### Goal of the exercise
Pictures in the material below are to be left out, and only the lines from the line with "第9分钟,基米希的传中制造威" up to and including the line with "fatty liver disease,NAFLD)。" are to be written out exactly.

### Input data
__________

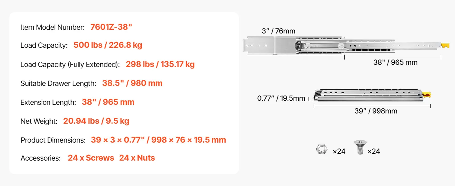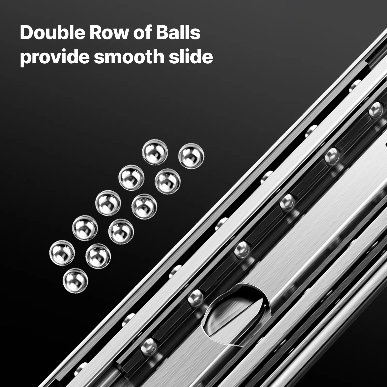 Tieto zásuvkové koľajnice vyrobené z vysokokvalitnej ocele majú vysokú tvrdosť, veľkú stabilitu a odolnosť. Fungujú so správnym uložením a nízkou hlučnosťou. Dodávajú sa s podrobnými vodidlami a praktickými skrutkami. Je ideálna na skladovanie v skrinkách, priemyselných zásuvkách, komerčnom vybavení, upravených vozidlách atď.
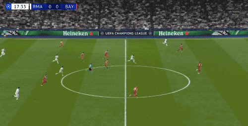 第9分钟,基米希的传中制造威胁,于帕梅卡诺无人盯防获得绝佳机会,但一脚踢呲,这样的射门反倒是晃了卢宁,卡雷拉斯完成了门线解围。
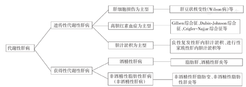近年来,由于疫苗接种的普及、抗病毒新药的不断涌现,病毒性肝炎已得到基本控制。我国一项纳入2006至2014年间医院感染病科11 720例肝病住院患者资料的回顾性分析显示,病毒性肝炎比例连续9年持续下降[1]。同期,因生活方式改变如饮食不当、酗酒、活动减少和静坐、工作压力等,肥胖和代谢综合征流行。目前,临床上非病毒性肝炎的肝病患者呈快速持续增长。值得重视的是,这一类型肝病与病毒性肝炎肝病两者在多个方面性质不同:(1)前者为非传染性疾病,后者是传染性疾病;(2)前者是慢性疾病,鲜有急性发病者,后者包括急性和慢性两种病程;(3)前者致病因素多且不明确,后者有明确致病因素。两种疾病临床上的诊断和治疗思路,也包括对疾病的管理路径截然不同,有必要加深认识以利防治。本文重点探讨与多种代谢因素相关的慢性非传染性肝病,也因为此类疾病由代谢因素引起,故提出代谢性肝病的概念(图1),即由于各种代谢因素引起的肝脏病变。基于其发病机制不同,分为遗传性代谢性肝病和获得性代谢性肝病,后者又根据是否与乙醇(酒精)摄入相关分为酒精性肝病(alcoholic liver disease,ALD)和非酒精性脂肪性肝病(non-alcoholic fatty liver disease,NAFLD)。
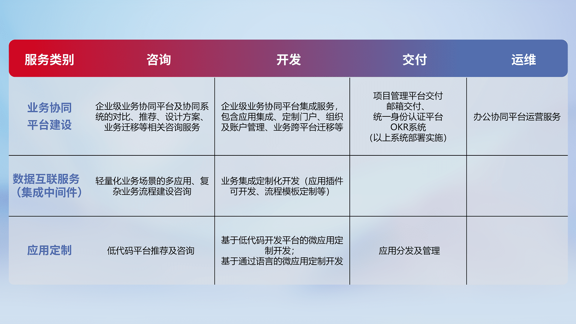 针对钉钉、、、企微、、、、IDaas等平台级产品提供产品的规划、、、方案、、、交付、、定制化开发等服务,,实现如统一协同办公、、、智能客户服务、、、混合会议管理、、、智能数据查询、、、、等业务场景,,实现数字化转型。。。

__________

### Solution to this problem
 第9分钟,基米希的传中制造威胁,于帕梅卡诺无人盯防获得绝佳机会,但一脚踢呲,这样的射门反倒是晃了卢宁,卡雷拉斯完成了门线解围。
近年来,由于疫苗接种的普及、抗病毒新药的不断涌现,病毒性肝炎已得到基本控制。我国一项纳入2006至2014年间医院感染病科11 720例肝病住院患者资料的回顾性分析显示,病毒性肝炎比例连续9年持续下降[1]。同期,因生活方式改变如饮食不当、酗酒、活动减少和静坐、工作压力等,肥胖和代谢综合征流行。目前,临床上非病毒性肝炎的肝病患者呈快速持续增长。值得重视的是,这一类型肝病与病毒性肝炎肝病两者在多个方面性质不同:(1)前者为非传染性疾病,后者是传染性疾病;(2)前者是慢性疾病,鲜有急性发病者,后者包括急性和慢性两种病程;(3)前者致病因素多且不明确,后者有明确致病因素。两种疾病临床上的诊断和治疗思路,也包括对疾病的管理路径截然不同,有必要加深认识以利防治。本文重点探讨与多种代谢因素相关的慢性非传染性肝病,也因为此类疾病由代谢因素引起,故提出代谢性肝病的概念(图1),即由于各种代谢因素引起的肝脏病变。基于其发病机制不同,分为遗传性代谢性肝病和获得性代谢性肝病,后者又根据是否与乙醇(酒精)摄入相关分为酒精性肝病(alcoholic liver disease,ALD)和非酒精性脂肪性肝病(non-alcoholic fatty liver disease,NAFLD)。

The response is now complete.